Solve by substitution: ${\begin{matrix} 2 x + y & = & - 3 \\ 3 x - 2 y & = & - 8 \end{matrix}$ .

Solution:

Solve for either variable in either equation. If you choose the first equation, you can isolate y in one step.

$\begin{matrix} 2 x + y & = & - 3 \\ y & = & - 2 x - 3 \end{matrix}$

Substitute the expression $- 2 x - 3$ for the variable y in the other equation.

$3 x - 2 (- 2 x - 3) = - 8$

This leaves us with an equivalent equation with one variable, which can be solved using the techniques learned up to this point. Solve for the remaining variable.
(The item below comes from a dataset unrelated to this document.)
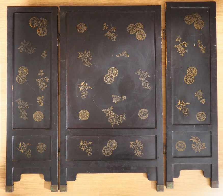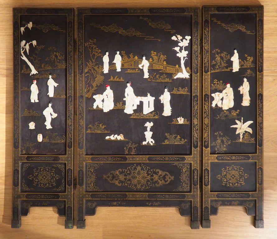 Chine, XXe siècle, Paravent à trois feuilles en laque noire et rehauts d’or à décor de personnages en nacre en léger relief évoluant sur des terrasses arborées. Des rinceaux feuillagés complètent l’ornementation. Dim. 91 x 103 cm

$\begin{matrix} 3 x - 2 (- 2 x - 3) & = & - 8 \\ 3 x + 4 x + 6 & = & - 8 \\ 7 x + 6 & = & - 8 \\ 7 x & = & - 14 \\ x & = & - 2 \end{matrix}$

Back substituteOnce a value is found for a variable, substitute it back into one of the original equations, or its equivalent, to determine the corresponding value of the other variable. to find the other coordinate. Substitute x = −2 into either of the original equations or their equivalents. Typically, we use the equivalent equation that we found when isolating a variable in the first step.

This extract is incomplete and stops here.